(Records contained in a dataset)
= = =

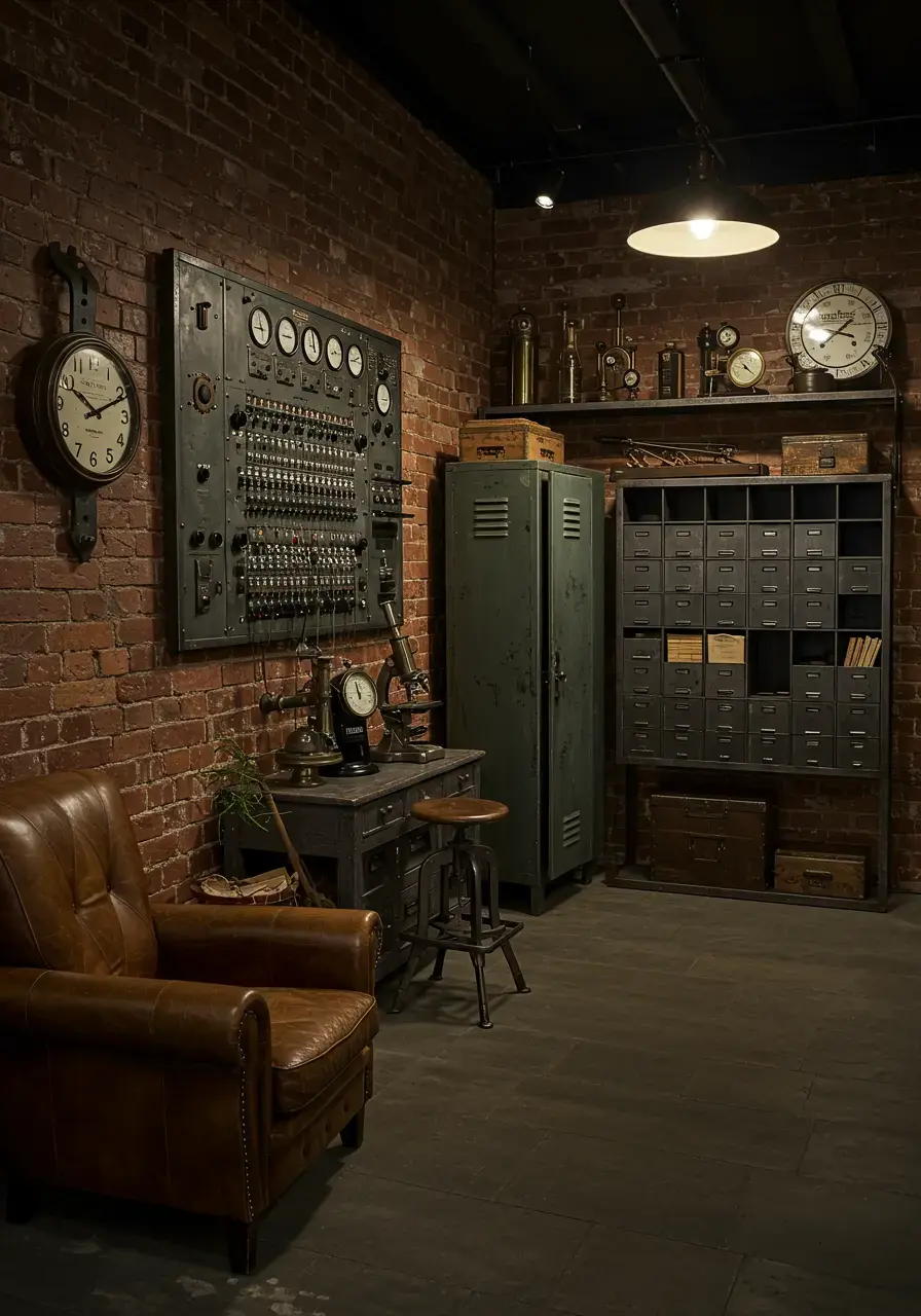 • Source old factory clocks, switchboards, or scientific instruments to display on shelves or walls.
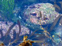 푸른 물빛 아래, 해조류가 붓질처럼 흔들리며 바위 표면을 따라 색을 입힙니다. 분홍빛이 도는 암반과 갈색 켈프..
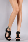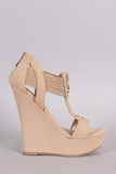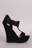 This lovely wedge features a smooth nubuck upper with perforated detail, thin elasticized ankle straps design, wrapped platform, and wedge heel. Finished with lightly padded insole and convenient back-zip closure.
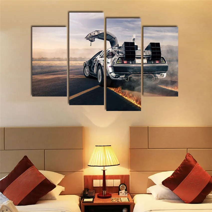 Sports Car Cuadros Decoracion Canvas Printings Wall Quadro For Living Room Morden Wall Art Canvas 4 Panel Paintings Cool Gift Picture Frame Car Car Transmission
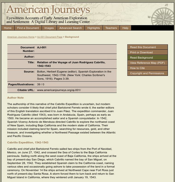 American Journeys: Relation of the Voyage of Juan Rodriguez Cabrillo
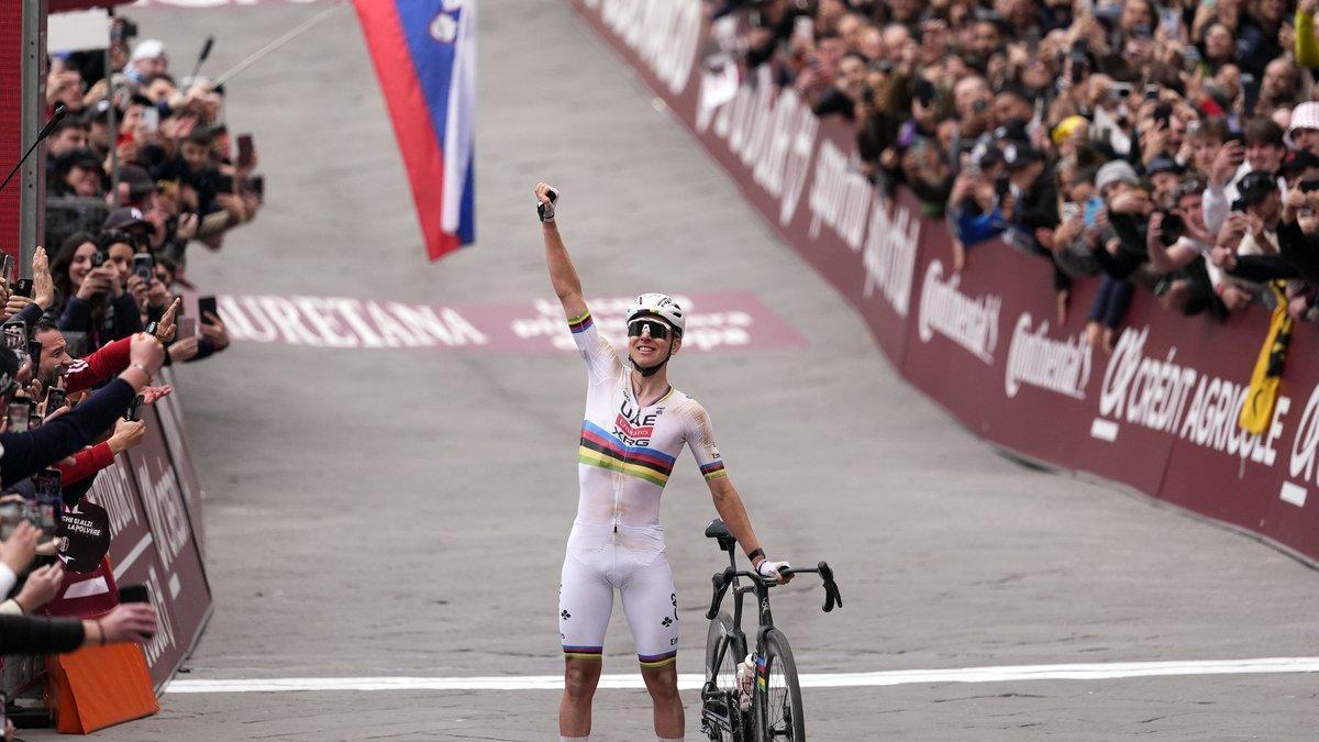 Enorme victoria del fenómeno esloveno en la Strade Bianche tras atacar a 79 kilómetros de la meta y ganar por delante del portento francés Paul Seixas y de su compañero mexicano Isaac del Toro....
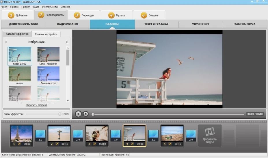 ВидеоМОНТАЖ – мощный редактор для монтажа и создания слайд-шоу. Простой интерфейс на русском языке с пошаговым принципом действия поможет легко и быстро создать видеоролик любой сложности. Добавляйте в проект видеоклипы, изображения, музыку и различную графику, применяйте фильтры и эффекты. Имеется встроенный фоторедактор, большая коллекция анимированных переходов, заставок и футажей. Проект можно сохранить в различных популярных форматах видео, в том числе в разрешении HD, записать на диск или подготовить видеоролик для отправки в интернет. ПО не загружает систему, поэтому она будет идеальным выбором и для ПК, и для ноутбука.
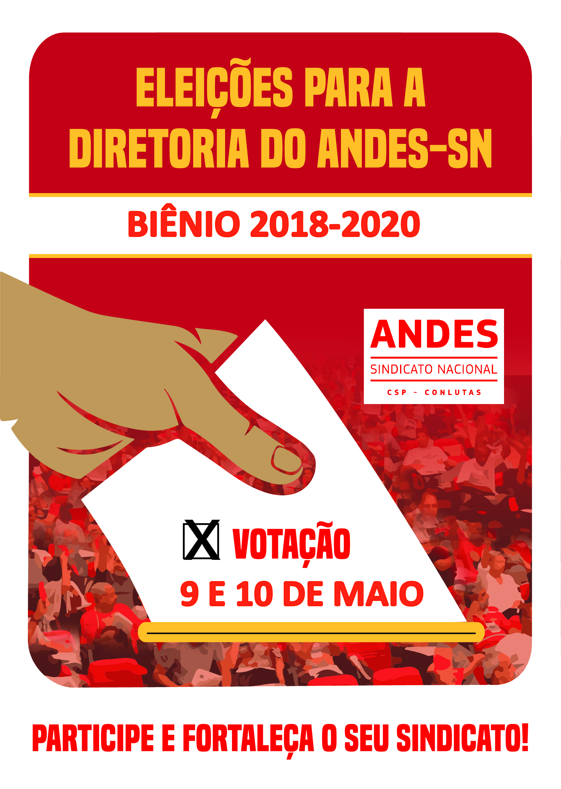 Nesta quarta e quinta-feira, dias 9 e 10, ocorre em todo o país de forma direta e secreta a votação para escolha da nova diretoria do Sindicato Nacional dos Docentes das Instituições de Ensino Superior (Andes- SN) para o biênio 2018 - 2020.
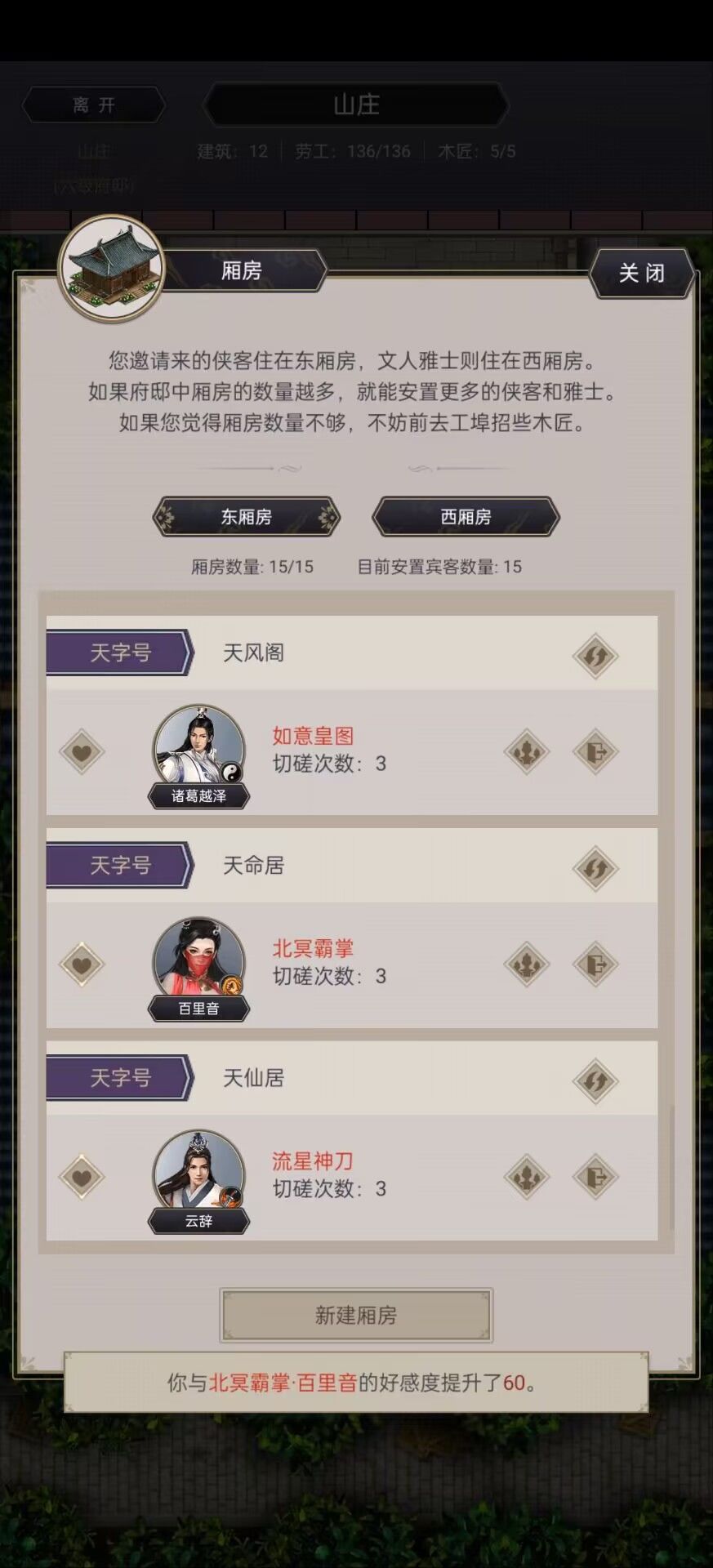 最后,关于家园装饰,先不说招财猫,因为这个主要是依靠三仙归洞的方式获取。然而,众所周知这就是江湖又名丹药江湖,能够增加爆丹几率的老子永远都是装饰的第一选择;其次,本游戏有大量优质的书房武学,书房武学的熟练度主要也是依靠文人烧香来获取。书房收藏的藏书又与本游戏一个重要的属性来源四艺有关,无论是前期还是中期还是后期,能够将四艺全部拉满达到200级的人绝不是很多。那么与书房随从的烧香便是一个重要的内力/四艺熟练度/书房武学获取及熟练度的来源方式。文人的厢房需求相对侠客也较少,只需要天地人各四间房子即可。当然,文人的获取方式更是比红侠客的获取简单的太多,只需要按照江湖小数据的相关方式并熟练运用听歌识曲的方式即可轻松获得12位文人。

= = =

### What you need to do
For this exercise, reproduce the data above exactly from the line containing "Enorme victoria del" through its final line, both ends included, with no pictures in the copy.

### Response to this exercise
 Enorme victoria del fenómeno esloveno en la Strade Bianche tras atacar a 79 kilómetros de la meta y ganar por delante del portento francés Paul Seixas y de su compañero mexicano Isaac del Toro....
 ВидеоМОНТАЖ – мощный редактор для монтажа и создания слайд-шоу. Простой интерфейс на русском языке с пошаговым принципом действия поможет легко и быстро создать видеоролик любой сложности. Добавляйте в проект видеоклипы, изображения, музыку и различную графику, применяйте фильтры и эффекты. Имеется встроенный фоторедактор, большая коллекция анимированных переходов, заставок и футажей. Проект можно сохранить в различных популярных форматах видео, в том числе в разрешении HD, записать на диск или подготовить видеоролик для отправки в интернет. ПО не загружает систему, поэтому она будет идеальным выбором и для ПК, и для ноутбука.
 Nesta quarta e quinta-feira, dias 9 e 10, ocorre em todo o país de forma direta e secreta a votação para escolha da nova diretoria do Sindicato Nacional dos Docentes das Instituições de Ensino Superior (Andes- SN) para o biênio 2018 - 2020.
 最后,关于家园装饰,先不说招财猫,因为这个主要是依靠三仙归洞的方式获取。然而,众所周知这就是江湖又名丹药江湖,能够增加爆丹几率的老子永远都是装饰的第一选择;其次,本游戏有大量优质的书房武学,书房武学的熟练度主要也是依靠文人烧香来获取。书房收藏的藏书又与本游戏一个重要的属性来源四艺有关,无论是前期还是中期还是后期,能够将四艺全部拉满达到200级的人绝不是很多。那么与书房随从的烧香便是一个重要的内力/四艺熟练度/书房武学获取及熟练度的来源方式。文人的厢房需求相对侠客也较少,只需要天地人各四间房子即可。当然,文人的获取方式更是比红侠客的获取简单的太多,只需要按照江湖小数据的相关方式并熟练运用听歌识曲的方式即可轻松获得12位文人。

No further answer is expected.